Miss(n.) The act of missing; failure to hit, reach, find, obtain, etc.
Miss(n.) Loss; want; felt absence.
Miss(n.) Mistake; error; fault.
Miss(n.) Harm from mistake.
Miss(n.) A title of courtesy prefixed to the name of a girl or a woman who has not been married. See Mistress, 5.
Miss(n.) A young unmarried woman or a girl; as, she is a miss of sixteen.
Miss(n.) A kept mistress. See Mistress, 4.
Miss(n.) In the game of three-card loo, an extra hand, dealt on the table, which may be substituted for the hand dealt to a player.
Miss(v. i.) To fail to hit; to fly wide; to deviate from the true direction.

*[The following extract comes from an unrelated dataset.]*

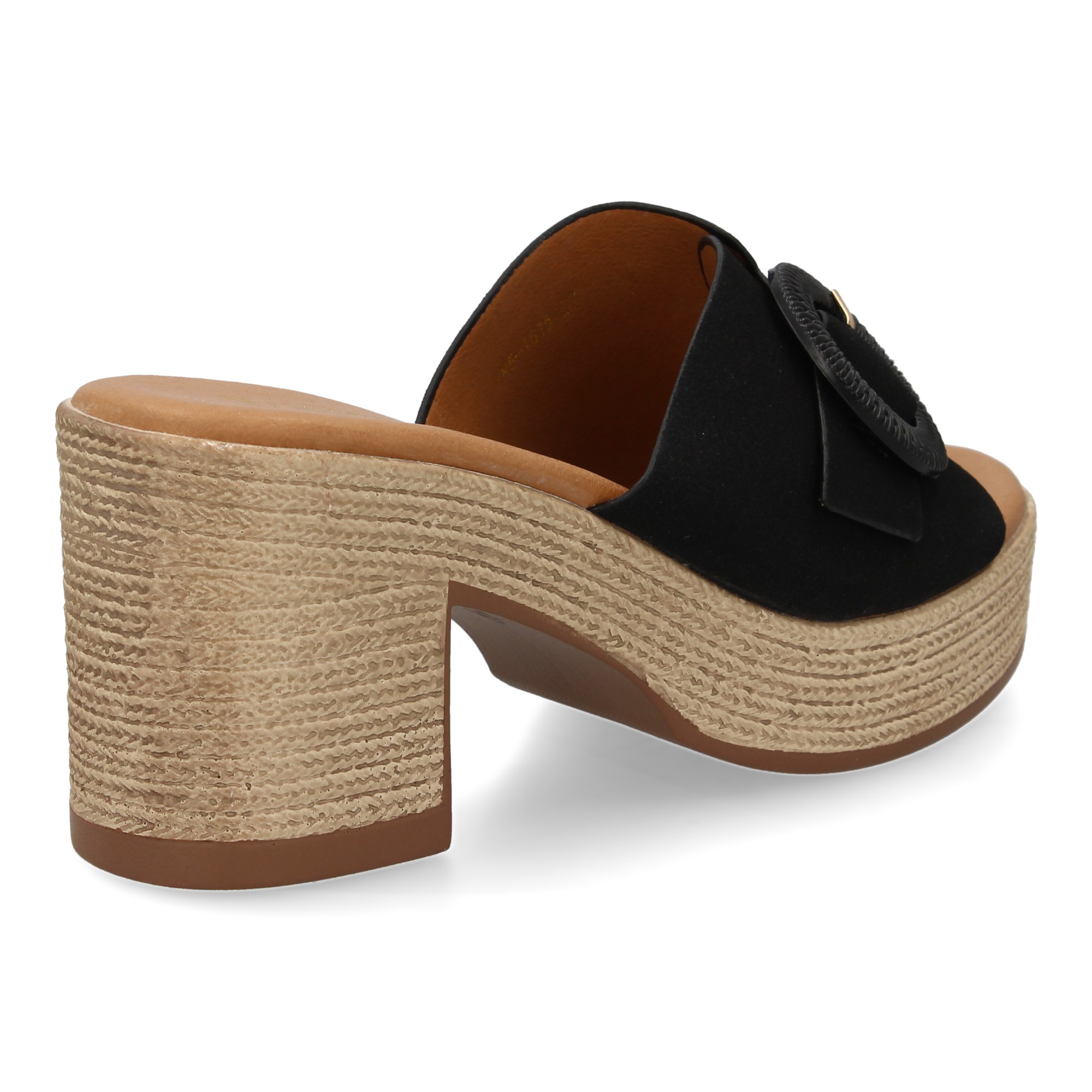 Zueco de tacon comodos y elegantes diseño moderno con hebilla decorativa en la pala ideales para primavera verano.

Miss(v. i.) To fail to obtain, learn, or find; -- with of.
Miss(v. i.) To go wrong; to err.
Miss(v. i.) To be absent, deficient, or wanting.
Miss(v. t.) To fail of hitting, reaching, getting, finding, seeing, hearing, etc.; as, to miss the mark one shoots at; to miss the train by being late; to miss opportunites of getting knowledge; to miss the point or meaning of something said.
Miss(v. t.) To omit; to fail to have or to do; to get without; to dispense with; -- now seldom applied to persons.
Miss(v. t.) To discover the absence or omission of; to feel the want of; to mourn the loss of; to want.
Missed(imp. & p. p.) of Miss
Misses(pl. ) of Miss
Missing(p. pr. & vb. n.) of Miss
Missing(v. i.) Absent from the place where it was expected to be found; lost; wanting; not present when called or looked for.
Missingly(adv.) With a sense of loss.